[Dataset excerpts]
##########
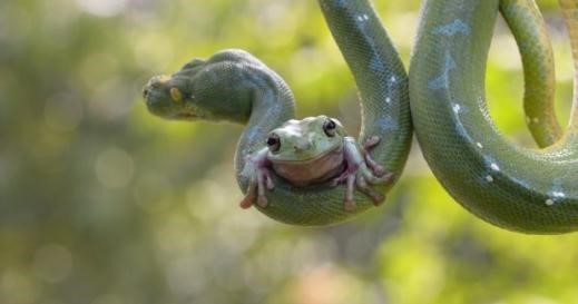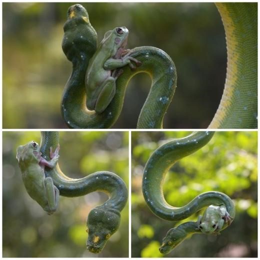 ○··· 길이 91㎝에 육박하는 대형 비단뱀의 등 위를 겁 없이 올라타고 있기 때문.이 개구리는 뱀의 온 몸 구석구석을 타고 여유롭게 이동하고 있다. 목 부분을 잡고 매달리기도 하고 위협적인 뱀 입 근처에서 한참 동안 머무르기도 한다.
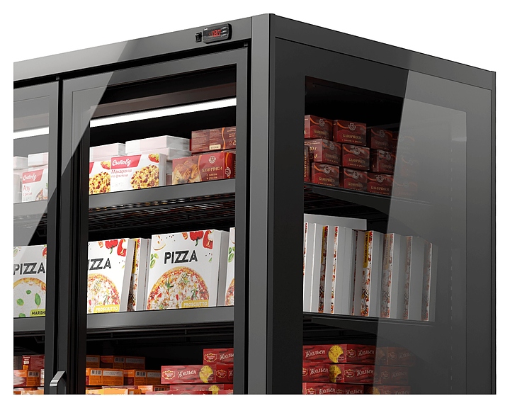 Морозильная горка Dazzl Compass 090 H210 125 предназначена для эффектной демонстрации и кратковременного предпродажного хранения предварительно замороженной продукции на предприятиях общественного питания и торговли. Модель оснащена распашными дверьми с рукоятками, подставкой с воздухопроводящими решетками и 5 навесными экспозиционными полками с наклонными профилями ценникодержателей. Двери с энергосберегающим тройным прозрачным остеклением. Модель доступна в 10 стандартных цветовых исполнениях фронтальной панели по таблице RAL: 9003, 9006, 9005, 3004, 7024, 1016, 6018, 3020, 5017 и 1015. Холодильный агрегат и боковины в комплект поставки не входят и приобретаются отдельно. Особенности:
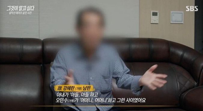끔찍한 모습으로 사망한 것은 60대 여성 강혜란 씨. 방송에 따르면 경부압박질식사로 사망한 그의 시신에서는 약물이나 독물의 성분이 검출되지 않았다.
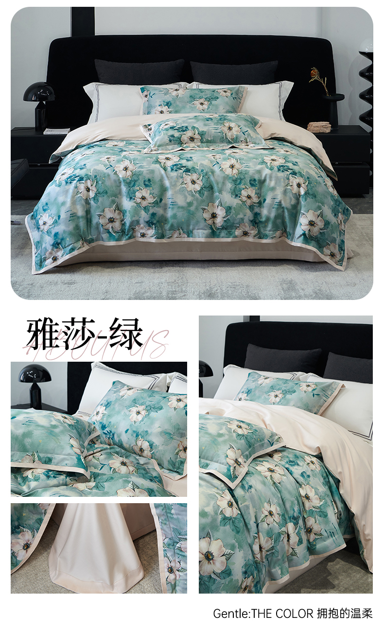 商品名称:阿那亚 2024新款100支长绒棉四件套数码印花四件套全棉四件套(控价378/398) 雅莎-绿
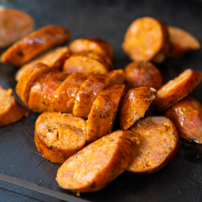 Saborosa Linguiça Artesanal estilo cajun, cuidadosamente produzida em nossa própria cozinha. É defumada à perfeição em lenha frutífera, utilizando a técnica tradicional do pit smoker, resultando em uma intensidade de sabor incomparável e uma textura irresistível.
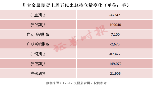 在黃金和白銀之外,國內(nèi)期貨市場中,鉑、鈀、銅、鋁、錫等金屬期貨的總持倉量也隨著相關(guān)品種價格的波動而出現(xiàn)下滑。
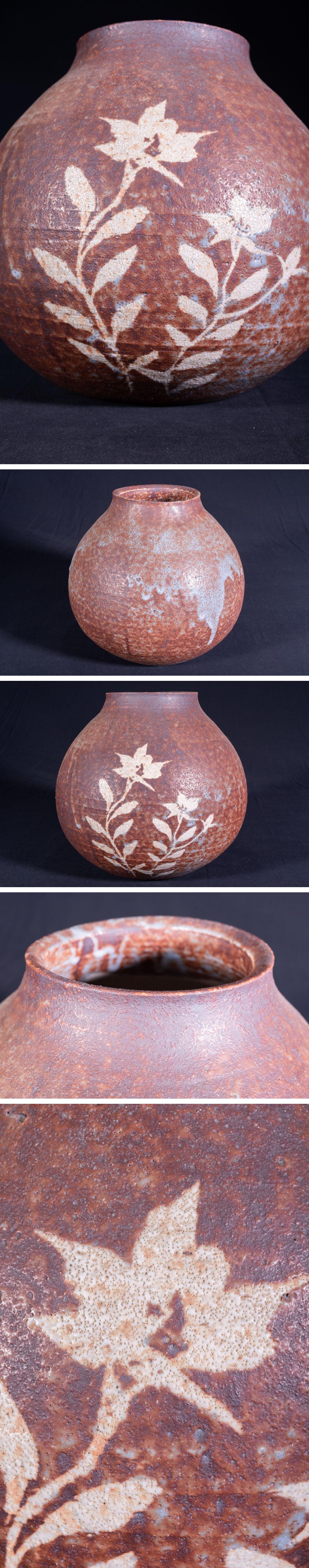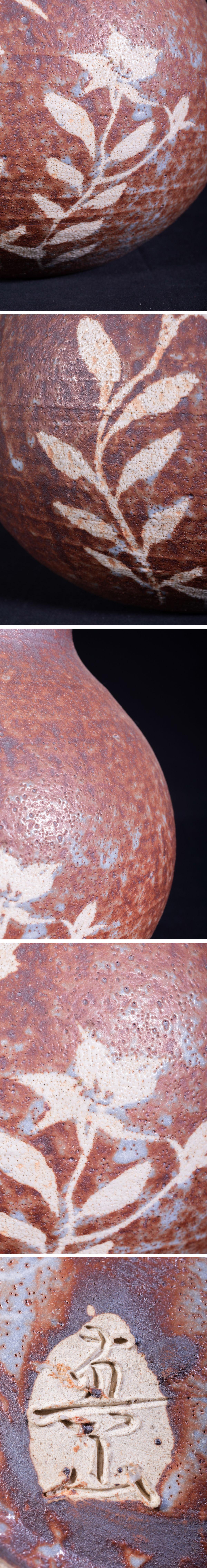 【珍品堂】1円から 志野焼 真山 作 美濃焼 在銘 花瓶 飾壺 時代物 骨董品 古美術 幅30 cm M-A39T-HM3 收藏
##########
### AIM OF THE EXERCISE
Return all of the entries exactly as written, but drop any pictures they hold.

### RESULT FOR THIS TASK
 ○··· 길이 91㎝에 육박하는 대형 비단뱀의 등 위를 겁 없이 올라타고 있기 때문.이 개구리는 뱀의 온 몸 구석구석을 타고 여유롭게 이동하고 있다. 목 부분을 잡고 매달리기도 하고 위협적인 뱀 입 근처에서 한참 동안 머무르기도 한다.
 Морозильная горка Dazzl Compass 090 H210 125 предназначена для эффектной демонстрации и кратковременного предпродажного хранения предварительно замороженной продукции на предприятиях общественного питания и торговли. Модель оснащена распашными дверьми с рукоятками, подставкой с воздухопроводящими решетками и 5 навесными экспозиционными полками с наклонными профилями ценникодержателей. Двери с энергосберегающим тройным прозрачным остеклением. Модель доступна в 10 стандартных цветовых исполнениях фронтальной панели по таблице RAL: 9003, 9006, 9005, 3004, 7024, 1016, 6018, 3020, 5017 и 1015. Холодильный агрегат и боковины в комплект поставки не входят и приобретаются отдельно. Особенности:
끔찍한 모습으로 사망한 것은 60대 여성 강혜란 씨. 방송에 따르면 경부압박질식사로 사망한 그의 시신에서는 약물이나 독물의 성분이 검출되지 않았다.
 商品名称:阿那亚 2024新款100支长绒棉四件套数码印花四件套全棉四件套(控价378/398) 雅莎-绿
 Saborosa Linguiça Artesanal estilo cajun, cuidadosamente produzida em nossa própria cozinha. É defumada à perfeição em lenha frutífera, utilizando a técnica tradicional do pit smoker, resultando em uma intensidade de sabor incomparável e uma textura irresistível.
 在黃金和白銀之外,國內(nèi)期貨市場中,鉑、鈀、銅、鋁、錫等金屬期貨的總持倉量也隨著相關(guān)品種價格的波動而出現(xiàn)下滑。
 【珍品堂】1円から 志野焼 真山 作 美濃焼 在銘 花瓶 飾壺 時代物 骨董品 古美術 幅30 cm M-A39T-HM3 收藏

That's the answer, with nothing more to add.